### Stored entries
—————

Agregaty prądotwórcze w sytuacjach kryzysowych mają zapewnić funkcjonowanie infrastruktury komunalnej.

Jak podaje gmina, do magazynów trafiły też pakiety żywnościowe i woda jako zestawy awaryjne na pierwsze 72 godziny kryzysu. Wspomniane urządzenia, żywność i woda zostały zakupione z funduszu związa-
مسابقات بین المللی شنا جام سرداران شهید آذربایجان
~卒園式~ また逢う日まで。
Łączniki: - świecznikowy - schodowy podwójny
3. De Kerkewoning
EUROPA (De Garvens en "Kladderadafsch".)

—————

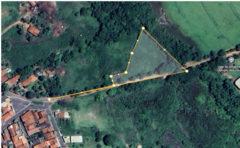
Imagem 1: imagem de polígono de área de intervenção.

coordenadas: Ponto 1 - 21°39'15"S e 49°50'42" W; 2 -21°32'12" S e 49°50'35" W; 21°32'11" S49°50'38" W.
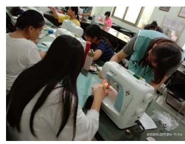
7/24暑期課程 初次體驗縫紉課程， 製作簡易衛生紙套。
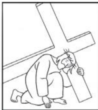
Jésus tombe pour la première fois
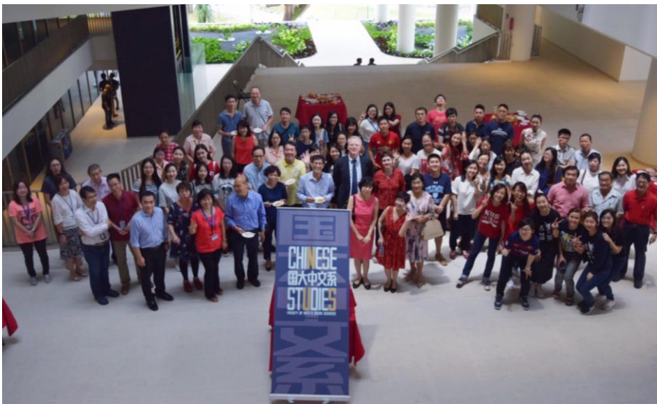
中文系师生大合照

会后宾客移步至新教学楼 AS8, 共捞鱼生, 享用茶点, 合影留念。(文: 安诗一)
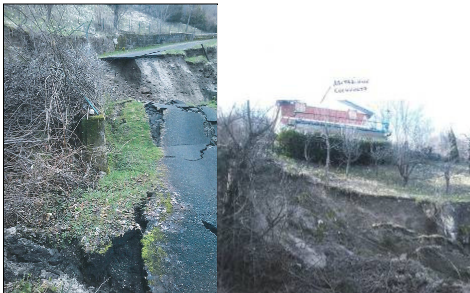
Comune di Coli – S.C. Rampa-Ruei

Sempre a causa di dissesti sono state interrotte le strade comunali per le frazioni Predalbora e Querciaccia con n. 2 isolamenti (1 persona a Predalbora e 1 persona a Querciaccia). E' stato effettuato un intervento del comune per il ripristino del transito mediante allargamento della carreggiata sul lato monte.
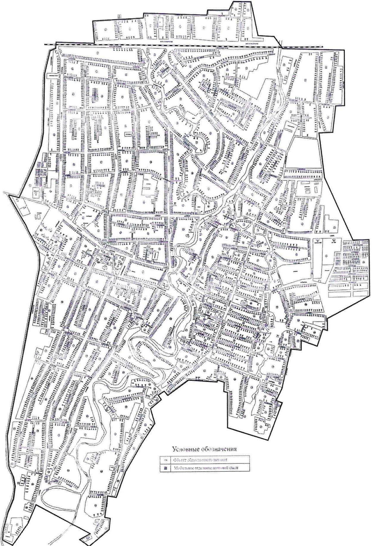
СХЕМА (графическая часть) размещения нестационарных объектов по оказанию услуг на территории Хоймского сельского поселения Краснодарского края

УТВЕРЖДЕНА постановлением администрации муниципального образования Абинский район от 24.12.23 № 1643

—————

### Task to carry out
All lines above from the one with "Agregaty prądotwórcze w" to the one with "EUROPA (De Garvens", inclusive, should be copied exactly, and no other lines.

### Written answer
Agregaty prądotwórcze w sytuacjach kryzysowych mają zapewnić funkcjonowanie infrastruktury komunalnej.

Jak podaje gmina, do magazynów trafiły też pakiety żywnościowe i woda jako zestawy awaryjne na pierwsze 72 godziny kryzysu. Wspomniane urządzenia, żywność i woda zostały zakupione z funduszu związa-
مسابقات بین المللی شنا جام سرداران شهید آذربایجان
~卒園式~ また逢う日まで。
Łączniki: - świecznikowy - schodowy podwójny
3. De Kerkewoning
EUROPA (De Garvens en "Kladderadafsch".)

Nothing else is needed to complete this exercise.